The ceiling I want to replace has tiles and I want drywall instead. The only problem is, there's no stud's up there above the tiles, it's just insulation. If I were to strip the tiles and frame, the insulation would probably all fall out.

Here's an example I found of what ceiling tiles I'm talking about:
http://t0.gstatic.com/images?q=tbn:ANd9GcSg2p_CbFOha8WDa128h7Ftu18a2K9R_qSZmuHO-fAkbqcIlsA1

Would I need studs? I'm assuming a big yes, if so, how would I add them? It's a 1 story house and I'm not sure how, or if I even CAN nail some studs to the ceiling so I can hang and nail in some drywall. I don't have access to areas up there either, it's pretty much the attic/roof and whoever added this part didn't really think thing's through too well when they added it.

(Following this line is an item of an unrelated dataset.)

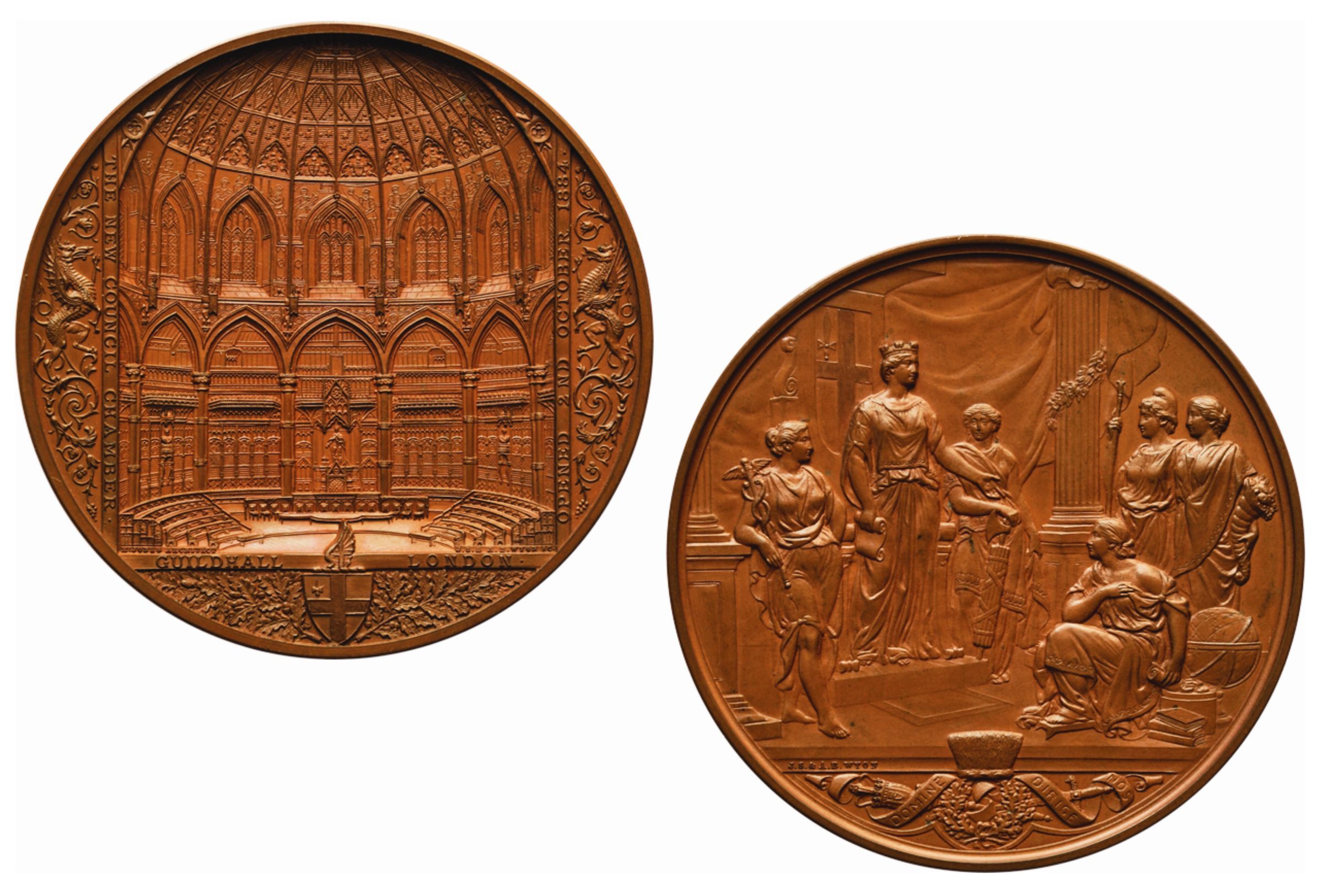 Commemorative medal, bronze in case. City of London series – Opening of Council Chamber at Guildhall 2.10.1884Entry/Object ID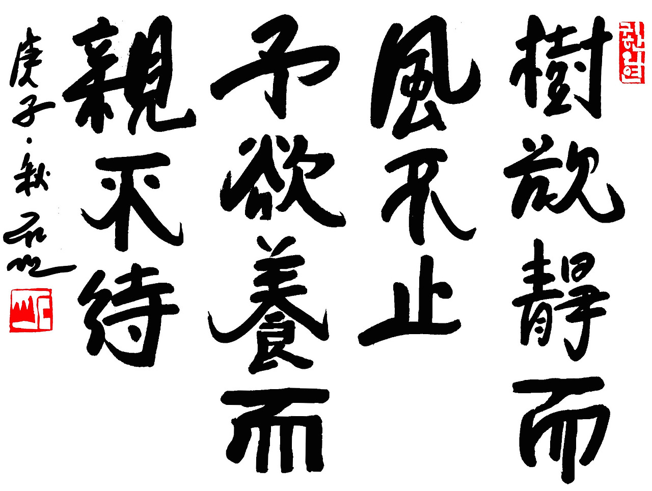 樹欲靜而風不止 子欲養而親不待 (수욕정이풍부지 자욕양이친부대)

It's a corner of the house room, there's wood/studs that surround the ceiling walls on all 4 sides, but I'm not sure how I would attached some studs to them other than just hanging them there...


----------



## nealtw (Feb 22, 2011)

You are talking about a drop ceiling. You would remove the hanging ceiling and replace  the perimiter with 2x6, 3 nails in each stud. install joist hangers 24" on center and drop in 2x6 joists. If the area above is more than 100 sq. ft. You will need and access hole  the hole is 22.5"x 28". 
Poly the underside of the joists with 6mil poly seal all joints and drywall ,leave 1/2 " lip around access hole for a piece of drywall to sit on. Your ready for insulation.


----------



## joecaption (Feb 24, 2011)

Is this a flat roof house? That's the only way I can see a single story house not having rafters for the ceiling.
What's the tiles hanging from?
Are these 12 X 12" tiles, or 2' X 2' or even 2' X 4'?


----------